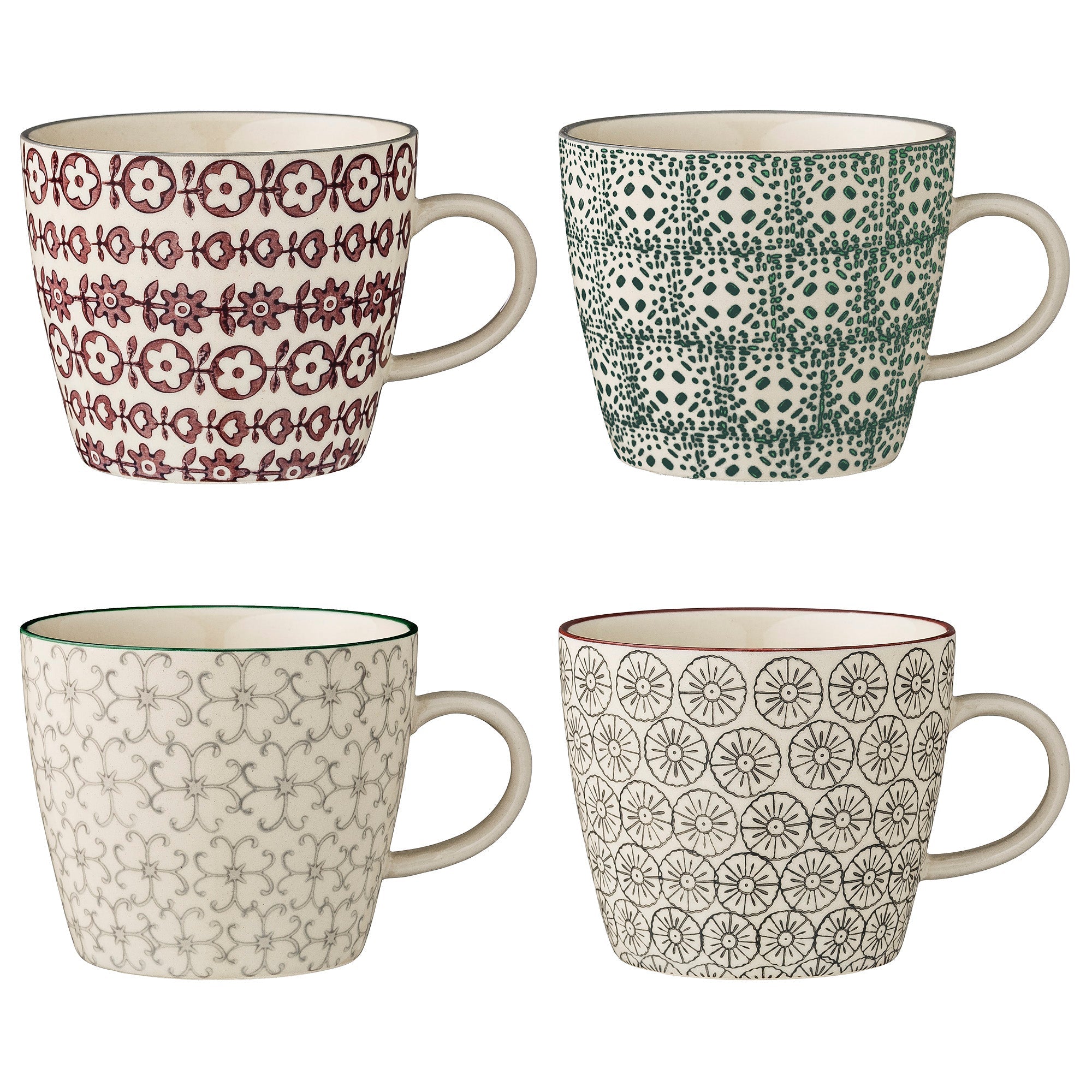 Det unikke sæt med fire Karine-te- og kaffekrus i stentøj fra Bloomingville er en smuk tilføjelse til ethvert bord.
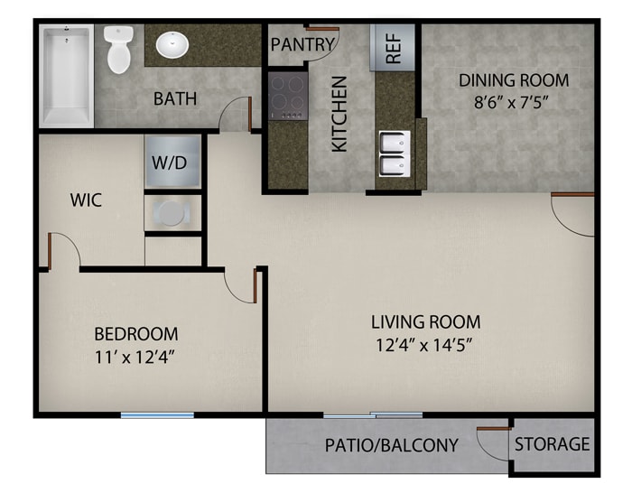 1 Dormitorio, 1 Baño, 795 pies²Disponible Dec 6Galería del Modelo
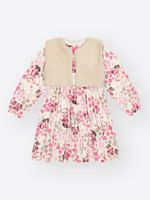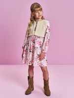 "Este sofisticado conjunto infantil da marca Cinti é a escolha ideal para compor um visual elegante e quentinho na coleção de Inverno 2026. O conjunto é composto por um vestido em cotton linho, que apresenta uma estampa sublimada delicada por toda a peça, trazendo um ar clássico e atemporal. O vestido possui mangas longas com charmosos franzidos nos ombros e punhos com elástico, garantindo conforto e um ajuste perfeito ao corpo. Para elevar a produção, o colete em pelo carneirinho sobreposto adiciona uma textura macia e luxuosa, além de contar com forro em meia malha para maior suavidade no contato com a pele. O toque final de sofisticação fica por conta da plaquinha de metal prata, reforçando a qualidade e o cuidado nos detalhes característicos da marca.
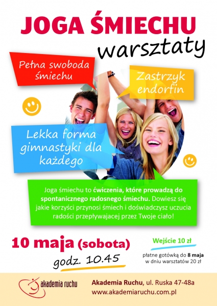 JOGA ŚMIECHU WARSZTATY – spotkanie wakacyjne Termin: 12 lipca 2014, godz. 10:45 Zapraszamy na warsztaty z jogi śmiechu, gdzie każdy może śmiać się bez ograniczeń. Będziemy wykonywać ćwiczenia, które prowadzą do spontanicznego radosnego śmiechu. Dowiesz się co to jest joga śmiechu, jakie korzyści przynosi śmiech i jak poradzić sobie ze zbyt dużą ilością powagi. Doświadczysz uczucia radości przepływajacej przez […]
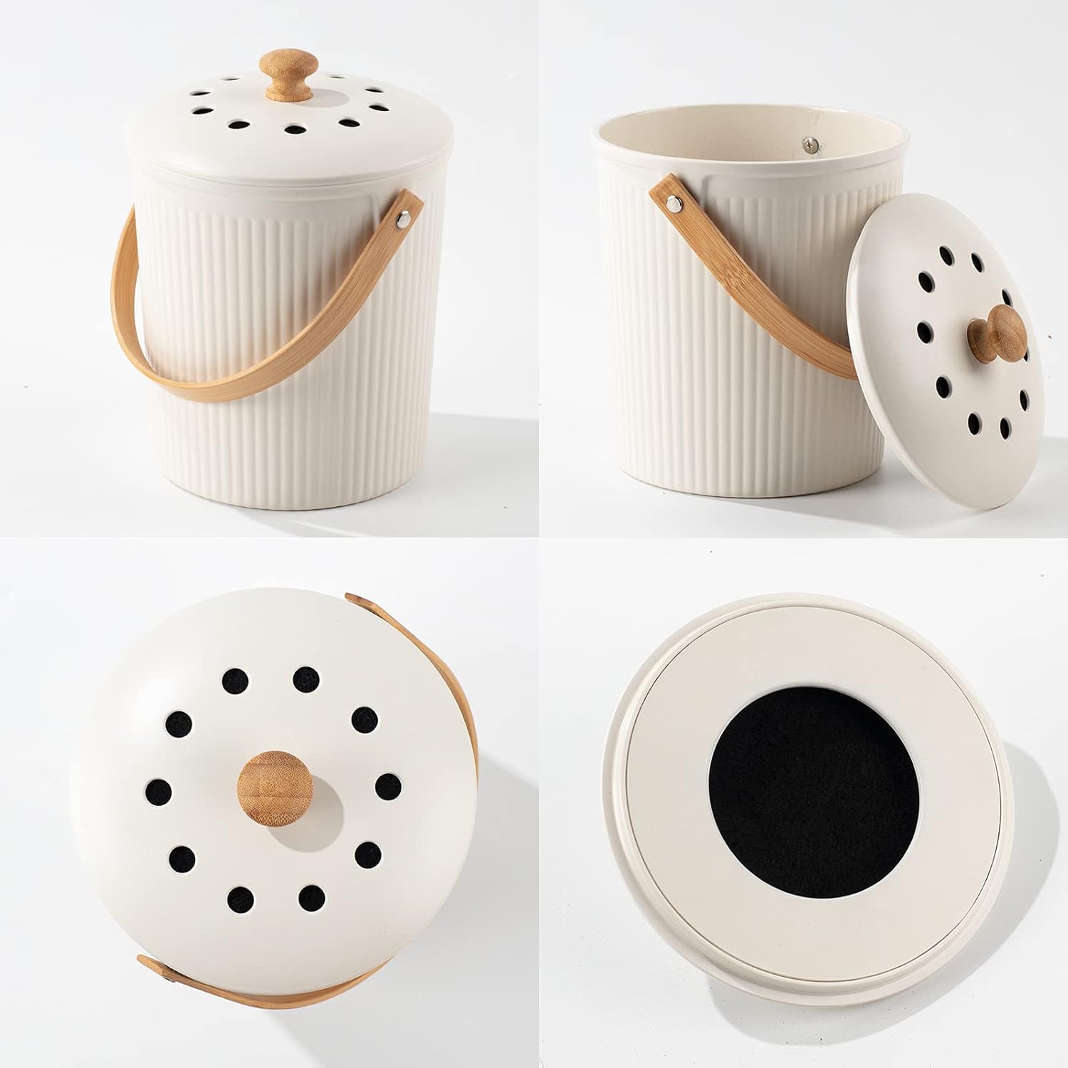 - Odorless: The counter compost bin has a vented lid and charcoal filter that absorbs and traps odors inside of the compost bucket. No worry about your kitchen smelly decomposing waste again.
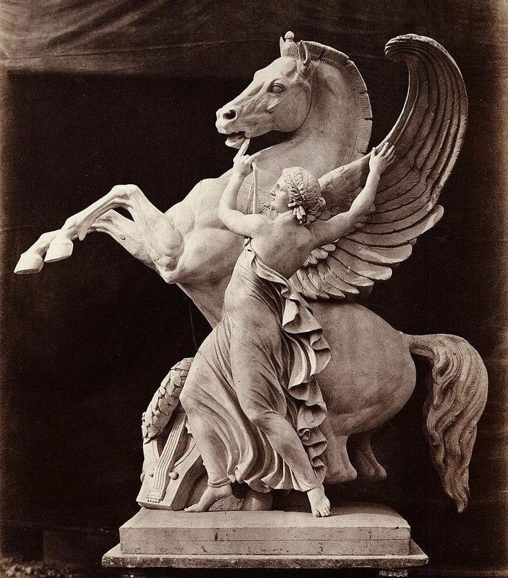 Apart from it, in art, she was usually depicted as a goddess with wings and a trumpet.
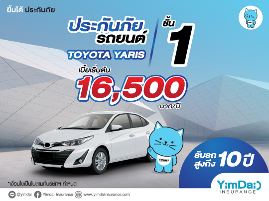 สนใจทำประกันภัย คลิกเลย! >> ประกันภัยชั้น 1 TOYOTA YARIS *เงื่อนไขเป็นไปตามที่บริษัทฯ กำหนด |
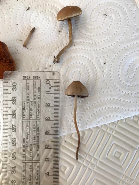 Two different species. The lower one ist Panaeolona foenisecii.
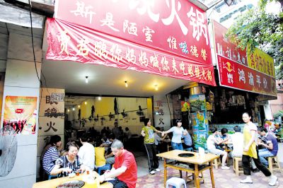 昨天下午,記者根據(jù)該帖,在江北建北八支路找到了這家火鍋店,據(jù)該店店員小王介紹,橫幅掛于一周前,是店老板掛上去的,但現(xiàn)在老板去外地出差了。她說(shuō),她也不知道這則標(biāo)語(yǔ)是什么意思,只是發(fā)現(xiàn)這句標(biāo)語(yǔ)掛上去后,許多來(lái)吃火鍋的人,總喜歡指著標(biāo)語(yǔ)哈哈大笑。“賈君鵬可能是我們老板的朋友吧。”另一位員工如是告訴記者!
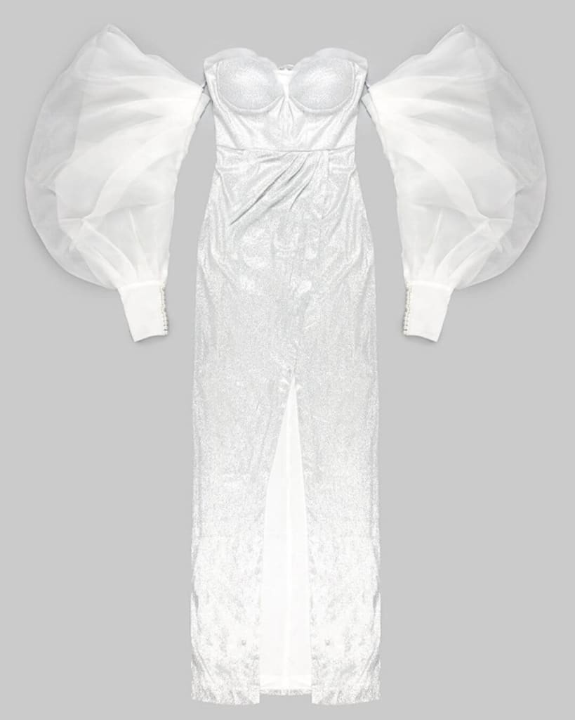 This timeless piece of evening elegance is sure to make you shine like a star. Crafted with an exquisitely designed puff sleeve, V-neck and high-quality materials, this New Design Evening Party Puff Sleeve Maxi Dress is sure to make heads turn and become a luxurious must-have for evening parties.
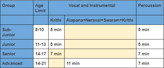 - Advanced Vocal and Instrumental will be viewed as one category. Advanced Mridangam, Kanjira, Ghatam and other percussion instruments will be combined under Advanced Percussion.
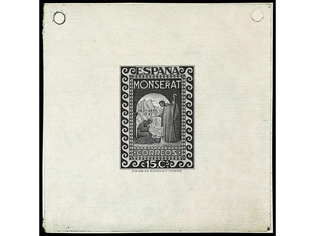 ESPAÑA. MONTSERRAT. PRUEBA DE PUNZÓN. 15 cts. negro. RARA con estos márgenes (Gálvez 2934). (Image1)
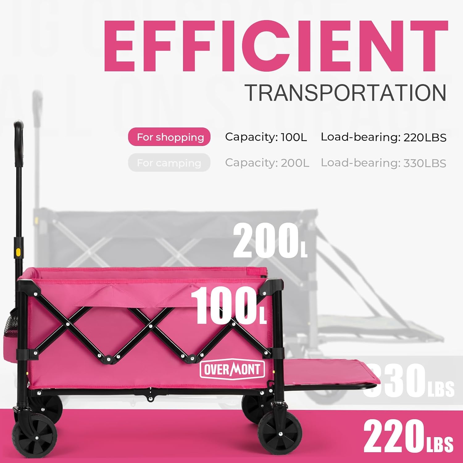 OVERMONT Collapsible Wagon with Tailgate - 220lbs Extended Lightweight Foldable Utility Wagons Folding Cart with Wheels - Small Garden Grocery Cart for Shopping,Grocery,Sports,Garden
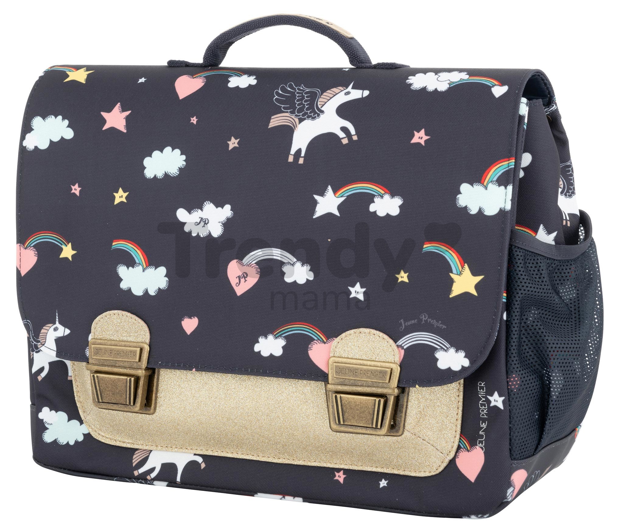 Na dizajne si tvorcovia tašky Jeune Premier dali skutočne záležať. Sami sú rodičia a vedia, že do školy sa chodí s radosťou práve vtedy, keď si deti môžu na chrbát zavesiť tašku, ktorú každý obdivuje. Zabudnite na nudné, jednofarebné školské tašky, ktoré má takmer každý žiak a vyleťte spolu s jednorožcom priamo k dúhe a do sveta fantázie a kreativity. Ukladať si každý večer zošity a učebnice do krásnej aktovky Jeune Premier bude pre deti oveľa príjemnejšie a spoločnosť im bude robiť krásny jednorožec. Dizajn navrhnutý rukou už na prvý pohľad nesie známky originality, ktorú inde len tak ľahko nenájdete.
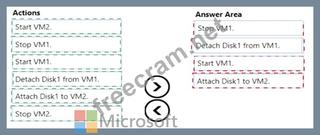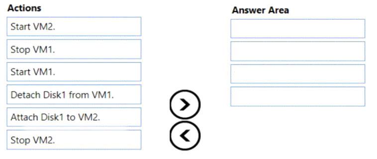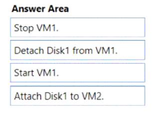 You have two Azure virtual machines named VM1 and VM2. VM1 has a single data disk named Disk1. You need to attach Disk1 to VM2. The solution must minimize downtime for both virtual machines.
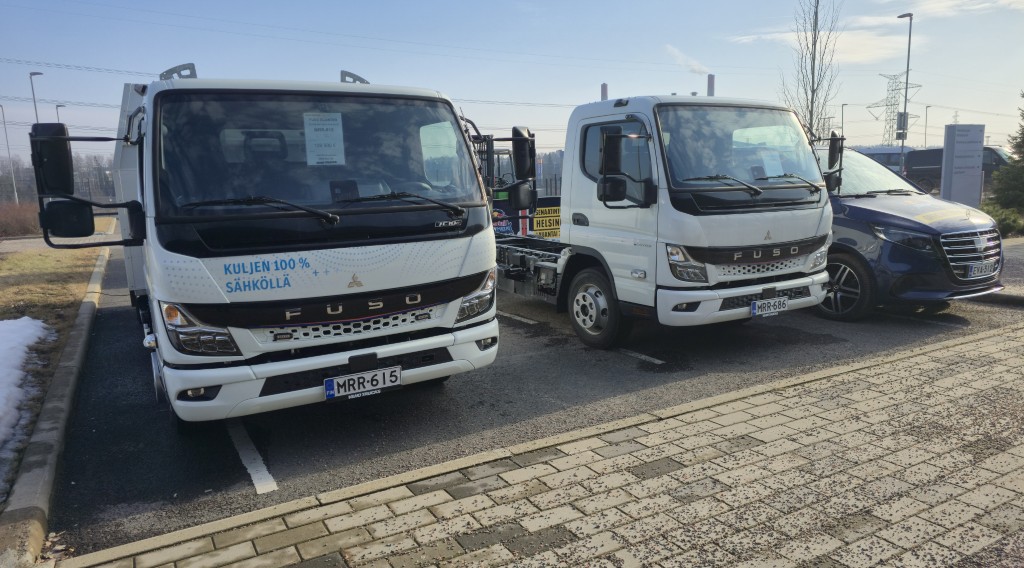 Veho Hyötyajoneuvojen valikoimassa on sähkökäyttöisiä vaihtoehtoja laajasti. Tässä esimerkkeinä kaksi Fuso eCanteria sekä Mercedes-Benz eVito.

▶ _Instructions for the task_: Leave the pictures out, then output exactly the lines from the "Apart from it, in" line through the end of the records above, and no others.

▶ _Task response_:
 Apart from it, in art, she was usually depicted as a goddess with wings and a trumpet.
 สนใจทำประกันภัย คลิกเลย! >> ประกันภัยชั้น 1 TOYOTA YARIS *เงื่อนไขเป็นไปตามที่บริษัทฯ กำหนด |
 Two different species. The lower one ist Panaeolona foenisecii.
 昨天下午,記者根據(jù)該帖,在江北建北八支路找到了這家火鍋店,據(jù)該店店員小王介紹,橫幅掛于一周前,是店老板掛上去的,但現(xiàn)在老板去外地出差了。她說(shuō),她也不知道這則標(biāo)語(yǔ)是什么意思,只是發(fā)現(xiàn)這句標(biāo)語(yǔ)掛上去后,許多來(lái)吃火鍋的人,總喜歡指著標(biāo)語(yǔ)哈哈大笑。“賈君鵬可能是我們老板的朋友吧。”另一位員工如是告訴記者!
 This timeless piece of evening elegance is sure to make you shine like a star. Crafted with an exquisitely designed puff sleeve, V-neck and high-quality materials, this New Design Evening Party Puff Sleeve Maxi Dress is sure to make heads turn and become a luxurious must-have for evening parties.
 - Advanced Vocal and Instrumental will be viewed as one category. Advanced Mridangam, Kanjira, Ghatam and other percussion instruments will be combined under Advanced Percussion.
 ESPAÑA. MONTSERRAT. PRUEBA DE PUNZÓN. 15 cts. negro. RARA con estos márgenes (Gálvez 2934). (Image1)
 OVERMONT Collapsible Wagon with Tailgate - 220lbs Extended Lightweight Foldable Utility Wagons Folding Cart with Wheels - Small Garden Grocery Cart for Shopping,Grocery,Sports,Garden
 Na dizajne si tvorcovia tašky Jeune Premier dali skutočne záležať. Sami sú rodičia a vedia, že do školy sa chodí s radosťou práve vtedy, keď si deti môžu na chrbát zavesiť tašku, ktorú každý obdivuje. Zabudnite na nudné, jednofarebné školské tašky, ktoré má takmer každý žiak a vyleťte spolu s jednorožcom priamo k dúhe a do sveta fantázie a kreativity. Ukladať si každý večer zošity a učebnice do krásnej aktovky Jeune Premier bude pre deti oveľa príjemnejšie a spoločnosť im bude robiť krásny jednorožec. Dizajn navrhnutý rukou už na prvý pohľad nesie známky originality, ktorú inde len tak ľahko nenájdete.
 You have two Azure virtual machines named VM1 and VM2. VM1 has a single data disk named Disk1. You need to attach Disk1 to VM2. The solution must minimize downtime for both virtual machines.
 Veho Hyötyajoneuvojen valikoimassa on sähkökäyttöisiä vaihtoehtoja laajasti. Tässä esimerkkeinä kaksi Fuso eCanteria sekä Mercedes-Benz eVito.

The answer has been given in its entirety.